Charities play a crucial role in the development of policy in a great number of fields. This was acknowledged by the previous government in Budget 2012, and I quote:
Given their unique perspectives and expertise, it is broadly recognized that charities make a valuable contribution to the development of public policy in Canada.
However, for years the language of the Income Tax Act had bred confusion as to what types of activities charities could engage in and to what extent.
As conveyed in Budget 2018, BIA 2 proposes to amend the Income Tax Act so charities are allowed to engage in public policy dialogue and development. The 10 per cent ceiling would be lifted. The confusing expression “political activities” would be removed from the act to be replaced by “public policy dialogue.” This would make it clear that what is allowed is policy work, not political, in the sense of partisan activity.
In the next couple of weeks, the CRA will issue a guidance paper detailing how it will interpret the provisions of the act regarding charities as amended.
Some fear charities will get involved in political campaigning. This concern is unwarranted, since partisan activities, that is, activities in support or in opposition to a political party or a candidate, will continue to be clearly prohibited.
Also, we have lessons from the experience of Australia and New Zealand, both Commonwealth countries like Canada, that implemented a similar change. It did not lead to a bonanza of political activity by charities.
Honourable senators, policy debates will be considerably enriched by the participation of expert charities in fields like poverty reduction, domestic violence, literacy, to name just a few.
Colleagues, as announced in Budget 2018, Bill C-86 brings forward amendments to two pieces of legislation that are and will be playing an essential role in the development of autonomous governments for First Nations: The First Nations Fiscal Management Act and the First Nations Land Management Act. These opt-in regimes enable First Nation communities to develop and administer their own land code and to provide First Nations with fiscal powers similar to that of other local governments.
The amendments will facilitate the opting in of First Nations under the acts. These changes are the result of discussions and consultations with the representatives of First Nations. As a matter of fact, as the Aboriginal Peoples Committee has stated, these changes are First Nation-driven.
Bill C-86 also brings forward the addition of lands to existing reserves and reserves creation. This new act will simplify the addition of lands to existing reserves, a process under current legislation can take anywhere from 18 months to 10 years.
However, concerns were expressed during the Aboriginal Peoples Committee hearings about the extent of the consultations carried out regarding these provisions. This is an indication that both the government and Parliament still have much work to do in order for Indigenous communities to become full-fledged partners in the development of government policy that concerns them. One thing we have to learn, as the committee highlights in its report, is it is not because an Indigenous community does not respond to a government email that it consents to a new policy. In other words, silence is not consent.

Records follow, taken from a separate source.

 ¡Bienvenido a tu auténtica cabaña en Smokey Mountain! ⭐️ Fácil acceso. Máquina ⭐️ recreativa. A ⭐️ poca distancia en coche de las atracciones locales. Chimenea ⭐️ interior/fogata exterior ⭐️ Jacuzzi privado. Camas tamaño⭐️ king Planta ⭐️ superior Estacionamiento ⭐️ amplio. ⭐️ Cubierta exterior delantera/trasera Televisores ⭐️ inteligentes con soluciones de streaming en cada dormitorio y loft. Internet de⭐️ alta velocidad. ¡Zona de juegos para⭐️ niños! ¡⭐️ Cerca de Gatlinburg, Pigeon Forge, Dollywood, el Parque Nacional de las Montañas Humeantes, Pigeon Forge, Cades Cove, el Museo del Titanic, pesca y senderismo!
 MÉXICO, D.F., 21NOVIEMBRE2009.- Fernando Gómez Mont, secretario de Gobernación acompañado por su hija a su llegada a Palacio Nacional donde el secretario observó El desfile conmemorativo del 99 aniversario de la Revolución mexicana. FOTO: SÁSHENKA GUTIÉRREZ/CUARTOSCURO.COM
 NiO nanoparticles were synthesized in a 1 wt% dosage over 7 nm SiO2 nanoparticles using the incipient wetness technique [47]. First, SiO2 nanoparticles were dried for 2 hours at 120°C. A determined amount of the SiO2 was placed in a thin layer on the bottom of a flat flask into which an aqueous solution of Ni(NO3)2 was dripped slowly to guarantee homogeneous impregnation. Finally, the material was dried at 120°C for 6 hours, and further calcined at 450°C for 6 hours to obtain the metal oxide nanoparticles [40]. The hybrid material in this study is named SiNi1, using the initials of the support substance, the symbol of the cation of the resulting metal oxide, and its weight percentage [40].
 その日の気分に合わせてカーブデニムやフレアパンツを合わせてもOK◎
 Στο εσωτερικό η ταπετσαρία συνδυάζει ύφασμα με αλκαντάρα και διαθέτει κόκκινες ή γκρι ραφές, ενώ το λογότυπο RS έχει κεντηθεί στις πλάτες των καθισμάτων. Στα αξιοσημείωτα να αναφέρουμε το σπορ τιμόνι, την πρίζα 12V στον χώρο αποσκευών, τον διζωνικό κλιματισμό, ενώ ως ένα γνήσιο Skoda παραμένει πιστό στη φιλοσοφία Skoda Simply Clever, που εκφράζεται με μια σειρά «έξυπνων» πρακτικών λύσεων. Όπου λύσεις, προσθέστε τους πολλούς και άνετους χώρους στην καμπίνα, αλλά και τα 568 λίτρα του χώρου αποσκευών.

In any event, even if there may have been flaws in the consultation process, there is no doubt Bill C-86 allows First Nations to take further, crucial steps towards enhanced autonomy.

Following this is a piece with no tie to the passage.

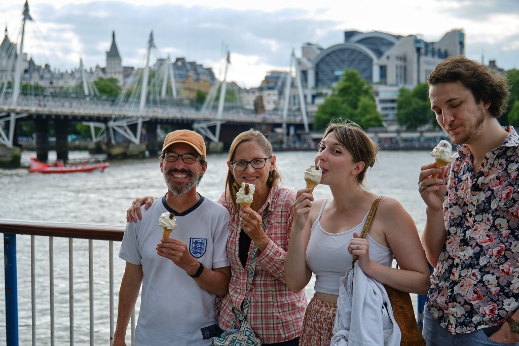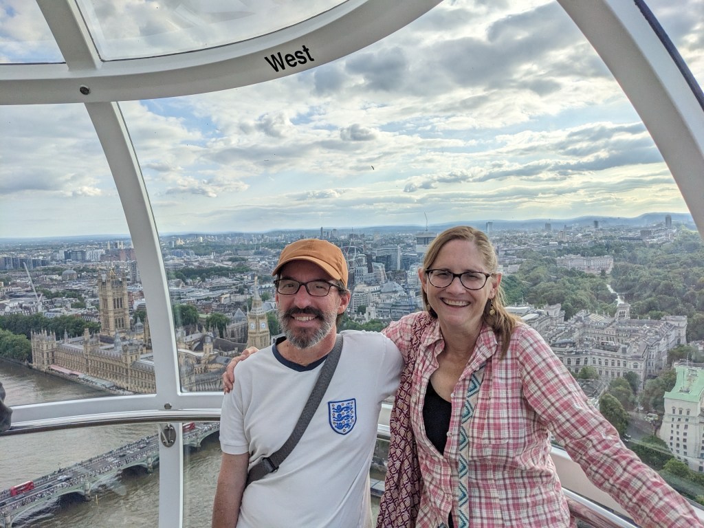 For the third time in 20 months, Mike and I are in England. This time with our son Ben, our daughter Emily and her husband David. In a few days we will celebrate the 90th birthday of Mike’s mom. But before traveling up to Glossop for the celebrations, we are spending a few days in London. I had forgotten what a fun city this. We are already having a great time.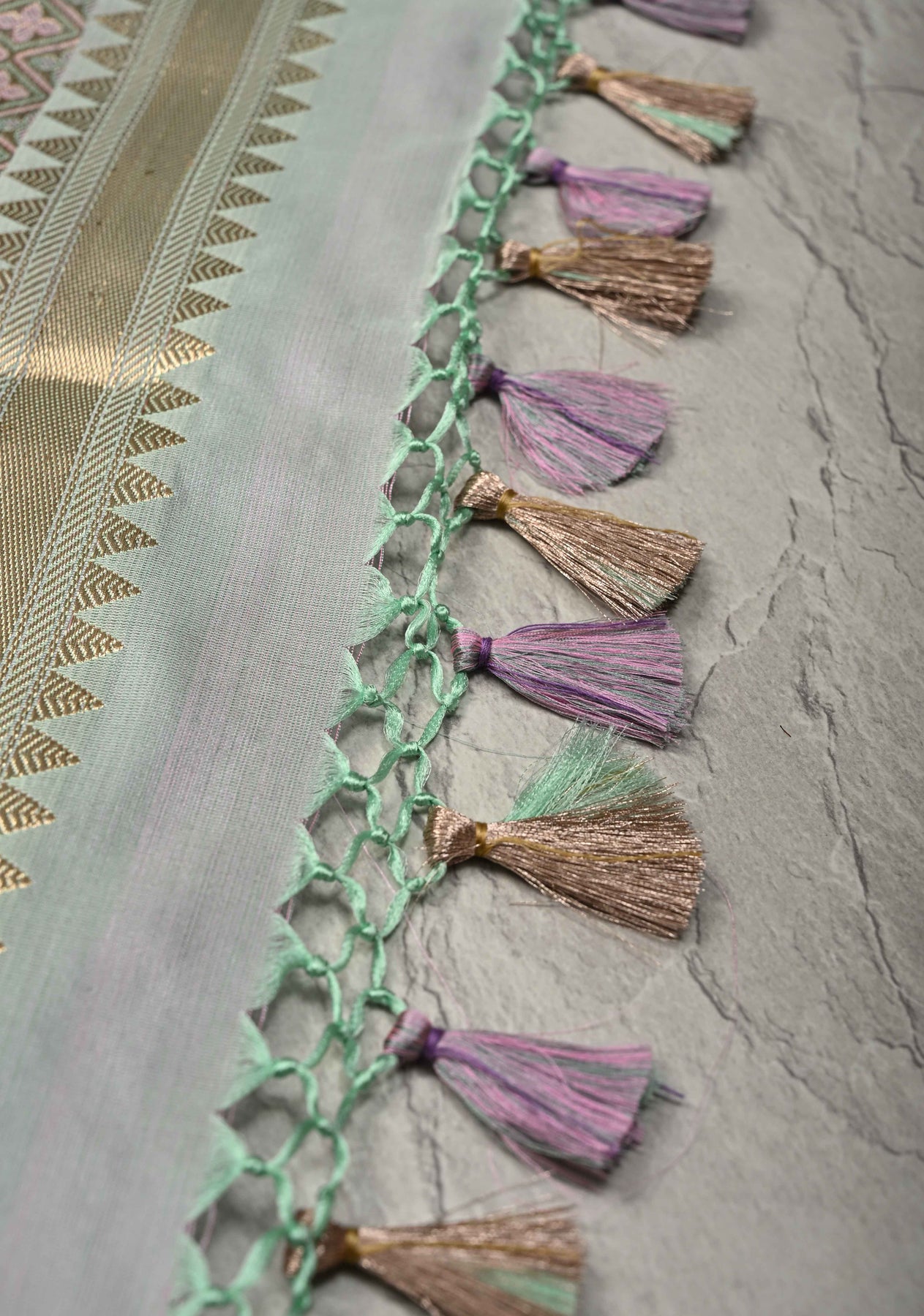 This saree is ready to wear with fall and pico done. Handmade silk tassels adorn the pallu and add more grace to it. An unstitched blouse fabric is included.

Fighting tax evasion, money laundering, and other criminal activities requires authorities are provided with complete information about who ultimately controls each private corporation. This is the aim of amendments proposed in Bill C-86 to the Canada Business Corporations Act. These will demand corporations hold and maintain a register of their beneficial owners, that is, individuals who own or control 25 per cent or more of their shares, or who in fact exercise control of the corporation.
As our colleague Senator Wetston asserted in this chamber on October 2:
The lack of beneficial ownership transparency impacts all Canadians. Basically, it’s bad for business, it’s harmful to society and generally facilitates corruption.

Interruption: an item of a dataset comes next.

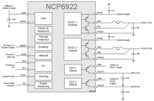 图2:安森美半导体的NCP6922 mini-PMIC集成2路DC-DC、2路LDO及其它多种功能。
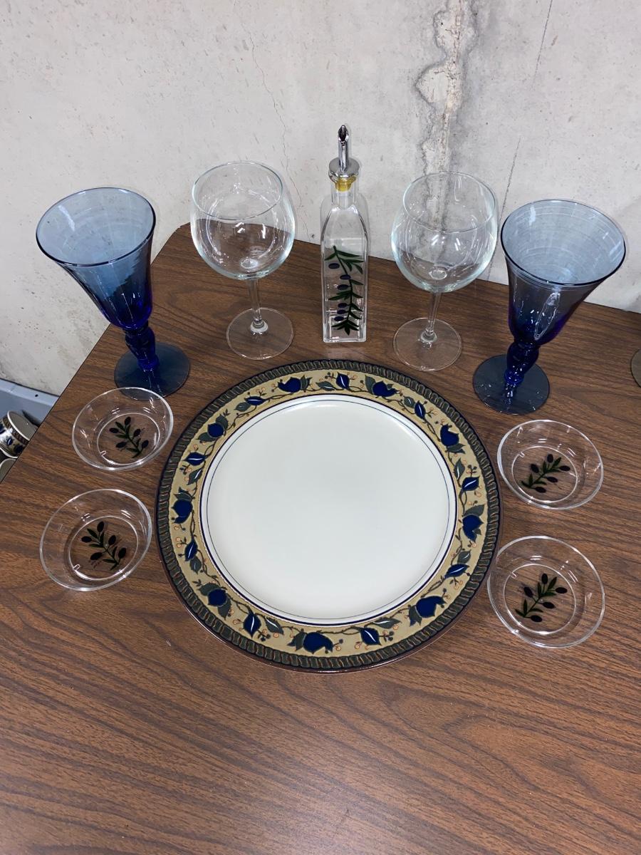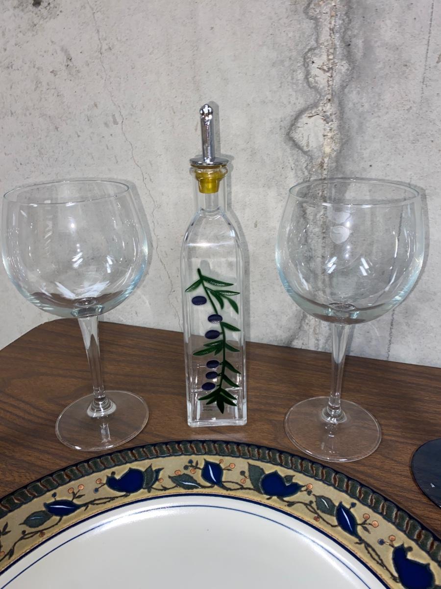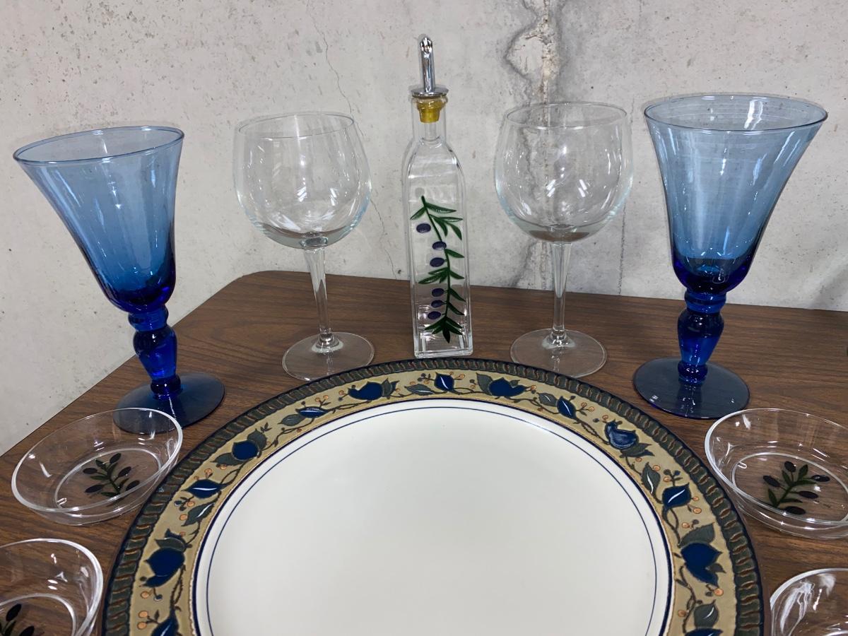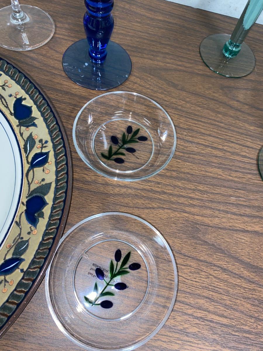 MIKASA SERVING PLATTER, FINGER DISHES AND WINE GLASSES.

The measures contained in Bill C-86 represent a major step towards greater corporate transparency.
Honourable senators, Bill C-86 contains many other measures I could talk about. However, my speech has already gone on too long. I will put an end to your misery, since you must be getting to the end of your Twitter feeds —
The various committees assigned to conduct a pre-study of the bill supported the bill and included very useful observations in their reports.
There is a lot of work to be done at the Standing Senate Committee on National Finance, which will be holding additional meetings before we adjourn for the holidays to conduct a detailed, comprehensive study of Bill C-86.
Honourable senators, Bill C-86 is a fundamental piece of legislation. In many different fields — labour standards, environmental protection, Indigenous autonomy, women’s equality, corporate transparency and consumer protection — it represents a turning point. If passed, Bill C-86 will result in real, concrete improvements in the daily lives of Canadians.
Indeed, this is a big omnibus bill, but most of all it is a good bill for Canada. Thank you.
Hon. Lillian Eva Dyck: Honourable senators, I rise today to speak to second reading of Bill C-86. As you know, the Standing Senate Committee on Aboriginal Peoples conducted a pre-study, and today I’m going to read into the record the fourteenth report from that committee, tabled on Monday, December 3. It begins:
Your committee, which was authorized to examine the subject matter of those elements contained in Divisions 11, 12 and 19 of Part 4 of Bill C-86, A second Act to implement certain provisions of the budget tabled in Parliament on February 27, 2018 and other measures, has, in obedience to the order of reference of Wednesday, November 7, 2018, examined the said subject-matter and now reports as follows:
On November 20, 21 and 27, 2018, your committee heard witnesses on the subject matter of Divisions 11, 12 and 19 of Part 4 of Bill C-86, A second Act to implement certain provisions of the budget tabled in Parliament on February 27, 2018 and other measures. Division 11 proposes amendments to the First Nations Land Management Act (FNLMA), Division 12 proposes amendments to the First Nations Fiscal Management Act (FNFMA) and Division 19 proposes the enactment of the Addition of Lands to Reserves and Reserve Creation Act. Your committee notes that the timelines associated with reviewing Divisions 11, 12 and 19 meant that consideration of these amendments was rushed.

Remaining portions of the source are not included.